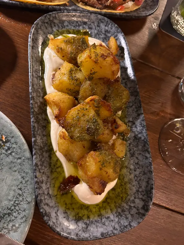 우리는 그의 추천에 따라 타파스 몇 가지와 와인을 주문했다. 잠시 후, 테이블 위에는 아름다운 색감의 요리들이 하나둘씩 놓이기 시작했다. 붉은 빛깔의 토마토와 하얀 페타 치즈, 초록색 바질이 조화롭게 어우러진 새우 사가나키는 보기만 해도 입맛을 돋우었다.
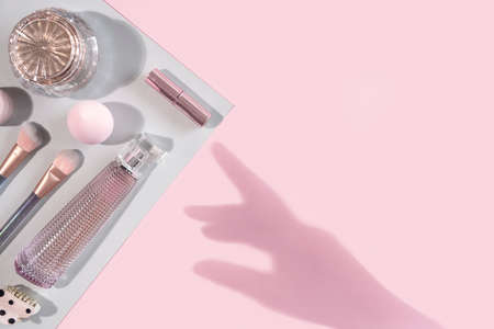 Beauty flat lay with cosmetic fashion makeup accessories on pink and gray background with hand shadow. Top view, flat lay, copy space
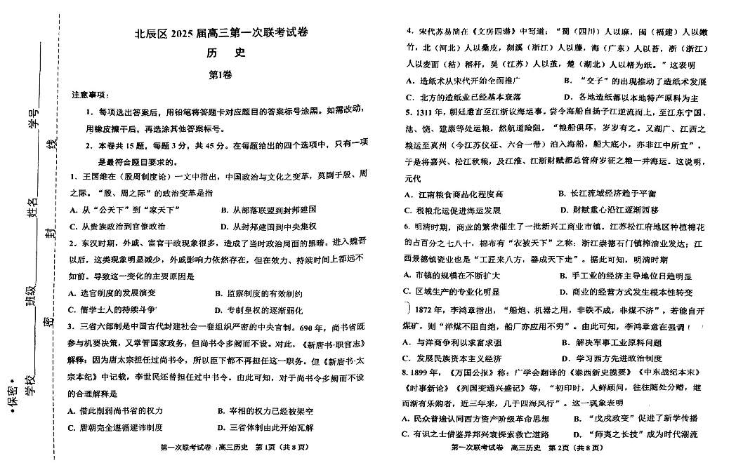 天津市北辰区2024-2025学年高三上学期期中考试 历史
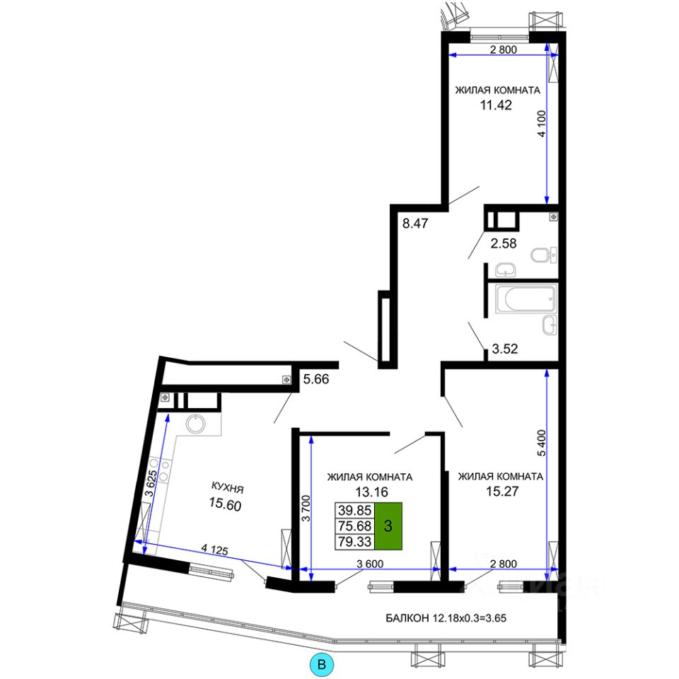 продам 3-к, Воронежская, 47/1016 554 300 ₽

Work item: Only the pictures are to be omitted; restate everything else above exactly.

Result for this task:
 우리는 그의 추천에 따라 타파스 몇 가지와 와인을 주문했다. 잠시 후, 테이블 위에는 아름다운 색감의 요리들이 하나둘씩 놓이기 시작했다. 붉은 빛깔의 토마토와 하얀 페타 치즈, 초록색 바질이 조화롭게 어우러진 새우 사가나키는 보기만 해도 입맛을 돋우었다.
 Beauty flat lay with cosmetic fashion makeup accessories on pink and gray background with hand shadow. Top view, flat lay, copy space
 天津市北辰区2024-2025学年高三上学期期中考试 历史
 продам 3-к, Воронежская, 47/1016 554 300 ₽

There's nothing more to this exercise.